Cytoplasmic genes are maternally inherited. To maintain a cytoplasm, the backcross method can be used to substitute the nuclear genome of one species into the cytoplasm of another (Fukasawa 1953; Kihara 1951; Maan et al. 1999). Alien cytoplasms and chromosomes have been introduced into wheat by cytologically monitoring the chromosomal constitution of backcross progenies in interspecific hybrids (Maan et al. 1999). The cytoplasmic male sterility (CMS) trait is of particular interest in alloplasmic wheat (wheat with an alien cytoplasm) for the production of commercial hybrids (Anderson and Maan 1995; Lucken 1987; Maan and Kianian 2001a). The commercial production of hybrid wheat creates an opportunity for wheat improvement, including advantageous characteristics such as hybrid uniformity, gene pyramiding within a hybrid, and hybrid vigor. However, nuclear-cytoplasmic (NC) incompatibilities have hindered researchers from making many possible hybrid gene transfers in wheat.
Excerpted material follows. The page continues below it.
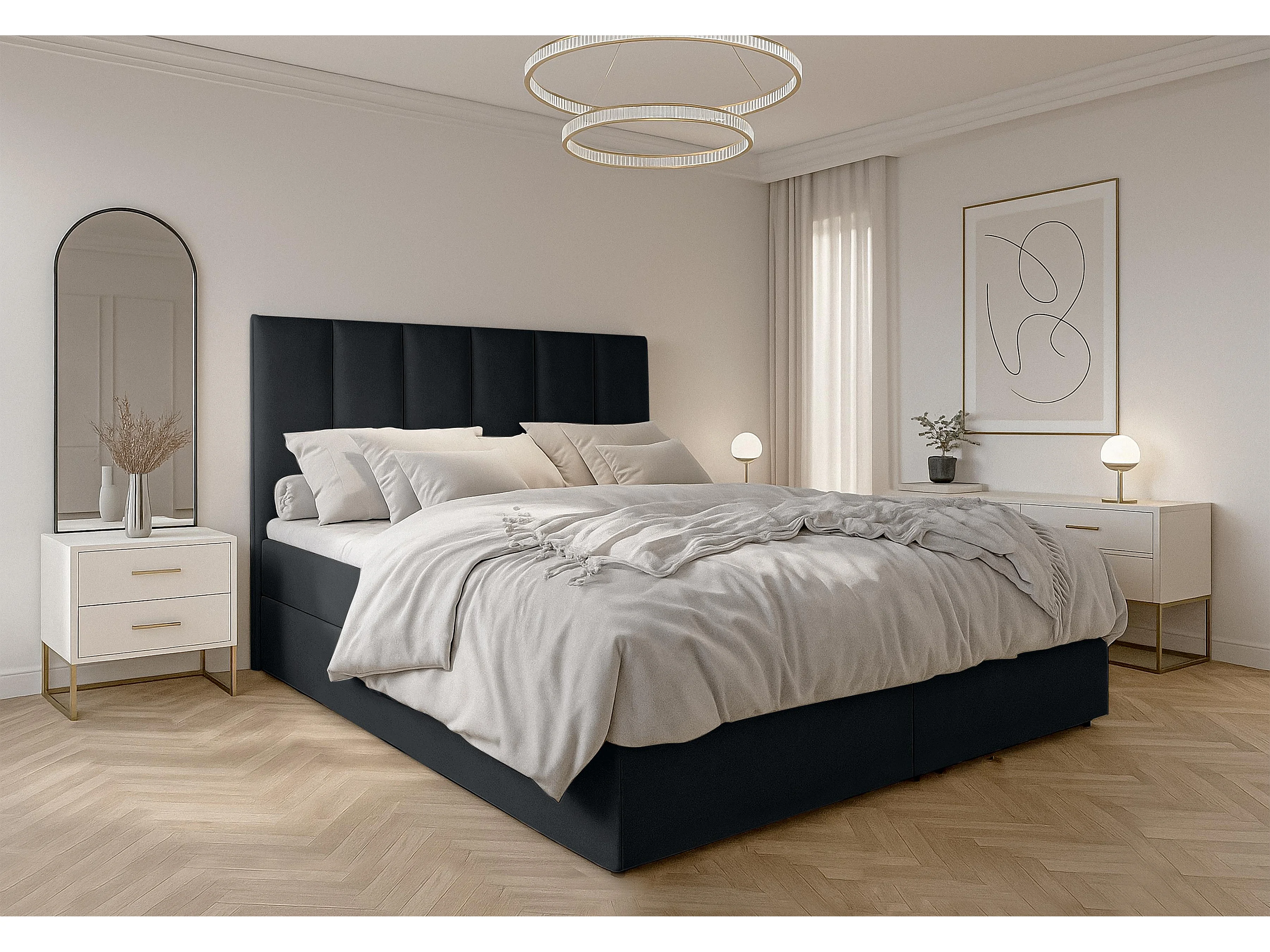 AX LIVING Lit boxspring avec coffre de rangement 160x200 cm - Merea - gris sans surmatelas

There is evidence of NC compatibility and incompatibility reactions in other plant species as well, most often cytoplasmic male sterility (Hanson 1991). Cytoplasmic male sterility has been reported in over 150 plant species and has been consistently found to be associated with the expression of a novel mitochondrial peptide (Leon et al. 1998). An extra peptide is cotranscribed with this novel mitochondrial peptide in Brassica, maize (Zea mays L.), and common bean (Phaseoulus vulgaris L.) (Kennel et al. 1987; Singh and Brown 1991). Examples of these mitochondrial genes in maize are a detoxification protein, encoded by Rf2, which corrects the CMS and nonchromosomal stripe (ncs) mutation phenotypes (Cui et al. 1996; Newton 1995). The ncs mutation phenotypes, which range from infertility or leaf striping to loss of mitochondrial gene function or severe growth impairment, also arise due to NC genetic combinations (Newton 1995). A similar interaction occurs in common bean. The novel polypeptide pvs-orf239 accumulates only in the reproductive tissue of common bean (Wang et al. 1993). However, the mitochondrial genome shifts the pvs-orf239 to substoichiometric levels within the genome if the dominant nuclear factor Fr is added. This interaction results in pollen fertility (Janska and Mackenzie 1993). A final example of these genes is a dominant nuclear gene CHM in Arabidopsis that causes mitochondrial genomic rearrangements (Leon et al. 1998).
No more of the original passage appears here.